If you left the UK voluntarily

Generally, re-entry to the UK will be refused if the Home Office say that during in your time in the UK, you:

  • overstayed (beyond the period of a time-limited visa);
  • breached a condition attached to your previous leave;
  • entered the UK unlawfully;
  • used deception in an application while in the UK

unless:

  • you overstayed for less than 30 days and you left the UK voluntarily at your own expense. The immigration rules state that if you overstayed for more than 30 days, unless specific exceptions apply you will be subject to a 12 month re-entry ban. Read about the exceptions in the Home Office guidance here.
  • you left the UK voluntarily at your own expense more than 12 months ago
  • you left the UK voluntarily, but at the expense of the state more than two years ago IF you left the UK no more than 6 months after the date on which you were given notice of liability for removal, or no more than 6 months after the date on which you no longer had a pending appeal or administrative review (whichever is the later)
  • you left the UK voluntarily, but at the expense of the state more than five years ago.
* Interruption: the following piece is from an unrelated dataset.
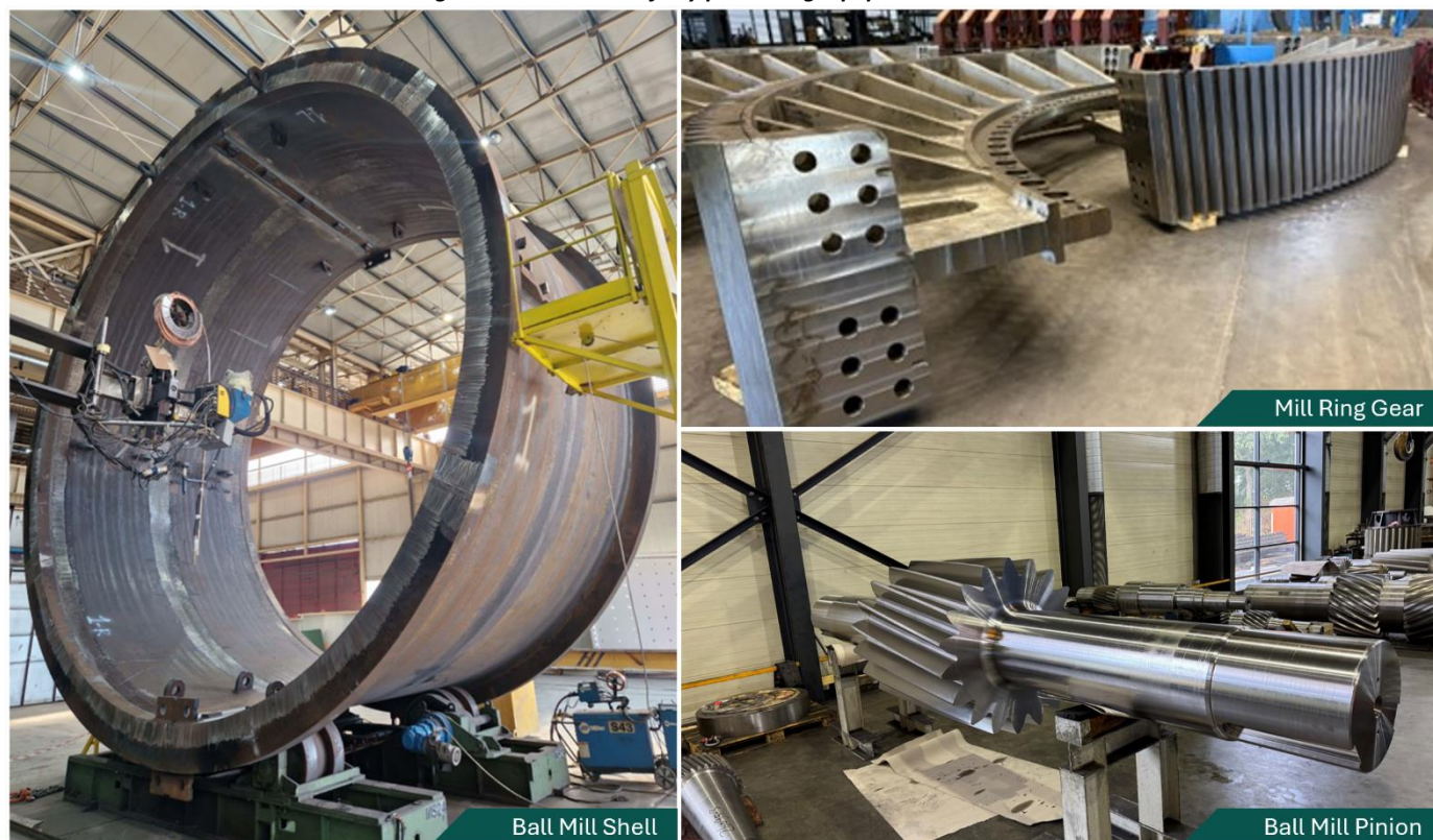
Figure 4: Fabrication of key processing equipment and steel

› Owner mining operating model adopted following a comprehensive review and competitive tender process of both owner-operated and contractor mining models. The owner-operated mining model is underpinned by a long-term contractual agreement with Neemba International Limited (“Neemba”), the Caterpillar dealership for 11 countries in West Africa, including Côte d’Ivoire, with fleet acquisition and mobilisation costs financed through a $75.0 million Equipment Finance Facility (as detailed in the section below). The owner-operated mining model is expected to provide greater mine planning flexibility, improve operating efficiencies, and aligns with Montage’s commitment to developing local talent through training programmes as evidenced with a number of tasks being self-performed during the construction phase. Furthermore, the owner-operated mining model is expected to enable the swift integration of higher-grade satellite deposits into the production schedule, with mine planning frequently optimized to incorporate new expected higher-grade discoveries.

If the Home Office decide that you used deception for an entry clearance application (a visa), you could face a ten year ban on entering or re-entering the UK.

Where more than one breach of these has occurred, the breach which leads to the longest period of absence from the UK will be considered.

There are situations in which re-entry bans may not be applied, for example if you were a victim of trafficking; or if your application to enter the UK is a family migration application under the immigration rules “Appendix FM”.

If a re-entry ban is applied to you, and this would breach your human rights (for example, to be with family in the UK), you may be able to challenge it on human rights grounds.

Remember that even if one of these exemptions applies to your situation, you may still be refused leave to enter the UK. This is because the Immigration Rules allows for a discretionary refusal of an application if the Home Office decides you have “previously contrived in a significant way to frustrate the intentions” of the immigration rules.

After forced removal from the UK

If you were forcibly removed from the UK, the Home Office will in most cases impose a ten year re-entry ban.

After deportation from the UK

Read about the difference between “deportation” and “forced removal” in the Toolkit Glossary here.

The immigration rules state that entry to the UK is to be refused if:

  • you are currently subject to a deportation order, or
  • you were convicted of an offence and sentenced to more than four years imprisonment (prior to being deported).

If you were sentenced to less than four years, but more than 12 months, an entry is to be refused unless more than 10 years has passed since the end of the sentence.

If you were sentenced to less than 12 months, entry is to be refused unless more than five years has passed since the end of the sentence.

The immigration rules state that “only be in exceptional circumstances” would “the public interest in maintaining refusal [to enter the UK] be outweighed by compelling factors” if you are trying to challenge a re-entry ban after a deportation.